The well-settled principle is that facts are not copyrightable under the Indian Copyright Act. Only a creation of work using skill, labour, and capital that is more than a copy of original work is copyrightable. However, the Copyright Act does protect “compilations” , as they are considered to be literary original work. A compilation would only lead to copyright infringement if they are reproduced in the exact same format. Fantasy sports operators, in this case, have a way out as the statistics they produce are not mere compilations. They use raw data which is publicly available and compile them which is later converted to fantasy points. Such use would make it an original literary work and thus these statistics would not lead to infringement. 

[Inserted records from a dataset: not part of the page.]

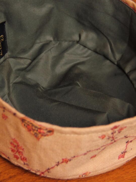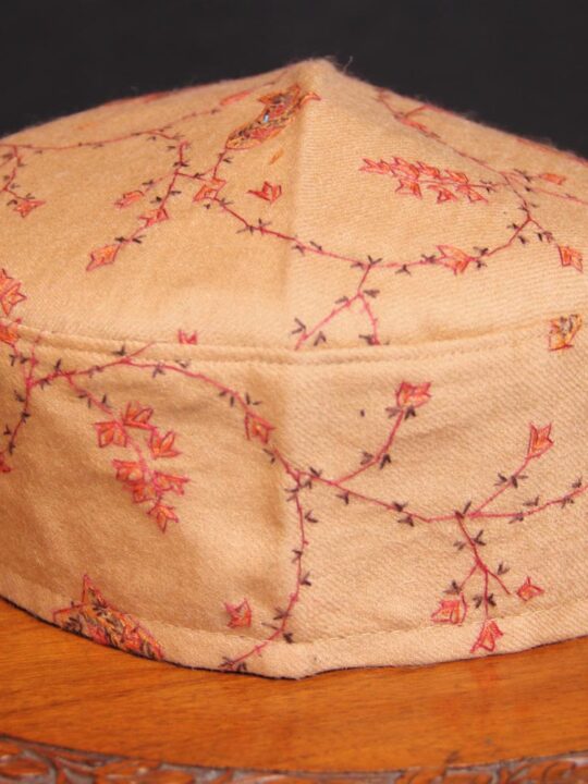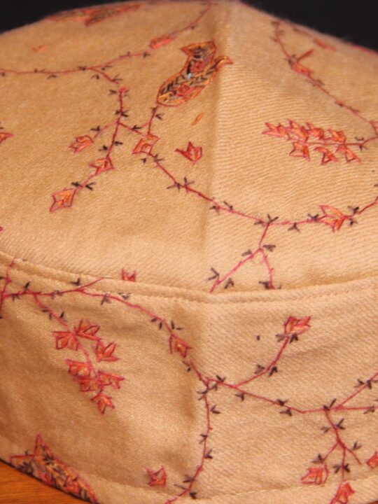 This is a beautiful raffal fabric cap with sozni handwork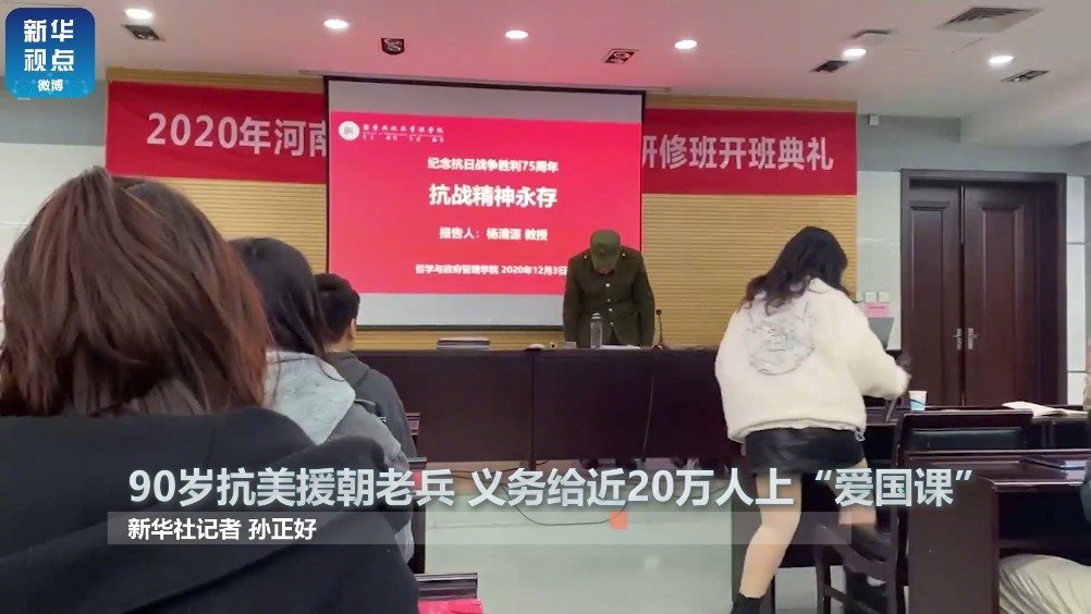 【#90岁抗美援朝老兵义务上爱国课# 愿我生命的钟摆定格在这三尺讲台上】杨清源是陕西师范大学的退休教师,今年90岁,1950年参军,曾在抗美援朝战场上奋勇杀敌。退休30年来,杨老师坚持义务给年轻人上“爱国课”,直接听众累计接近20万人次。致敬!(记者孙正好) 新华视点的微博视频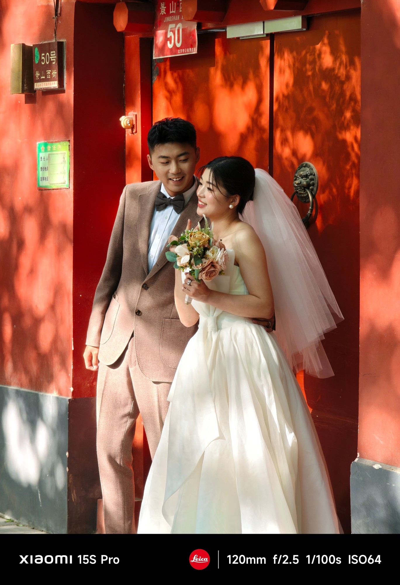 人像方面,上图的长焦人像画面整体清晰度高,人物脸部细节还原到位,连腮红这类细微的妆容都可以很好地呈现。人物的服装纹理,像新娘婚纱的褶皱、新郎西装的面料质感都清晰可辨,细节丰富。阳光洒在人物身上形成自然的明暗过渡,增强了立体感,同时在红墙上形成斑驳树影,加上徕卡的色调,氛围相当棒。
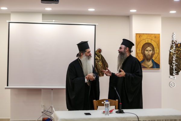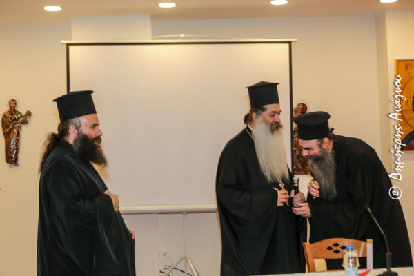 Τέλος, ο Σεβασμιώτατος κ. Συμεών στον πατρικό του λόγο ευχαρίστησε τον Άγιο Ιεροκήρυκα Αρχιμ. π. Ιωήλ Κωνστάνταρο για την αποδοχή της προσκλήσεως και τον κόπο στον οποίο υπεβλήθη και τον συνεχάρη για την ανάπτυξη και την θεολογική προσέγγιση του σπουδαίου και επικαίρου θέματος.

Watching or following sports through the lens of fantasy games has brought many new fans that had never been fully immersed in supporting a club, or been regular followers of the game. The overall concept of this game is based on “outsmarting” your opponent, using your knowledge. As a result of this, as more followers/fans were attracted to the game, it created interest among different stakeholders such as leagues, clubs, sponsors and media. The emergence of this phenomenon provides an additional spark for a large number of people. They feel empowered by having the option to be something more than just an “armchair” general manager. The rise in the number of fantasy sports operators shows how it is one of the most effective means of fan engagement. New brands have been entering the market and already established fantasy sports operators have seen an all-time high. Fantasy sports platforms are all about statistics. There is a lot of analysis done by the experts including the player’s analysis, the team analytics, the data gathered in real-time and the user’s data. With Dream 11 having managed to get themselves out of a legal tussle regarding gambling, has paved the way for new entrants in the industry. However, there is one constant legal ambiguity hovering over these fantasy sports operators. That is of IP infringement claims coming their way. It is always better for these operators to have authorized licenses in place and keep their functioning infringement free. Appropriate measures are taken in IP protection of such fantasy games initially to save a lot of hassle in the future. Every small element of fantasy sports could be subject to IP infringement. But with necessary steps taken, fantasy sports could take fan engagement to the next level.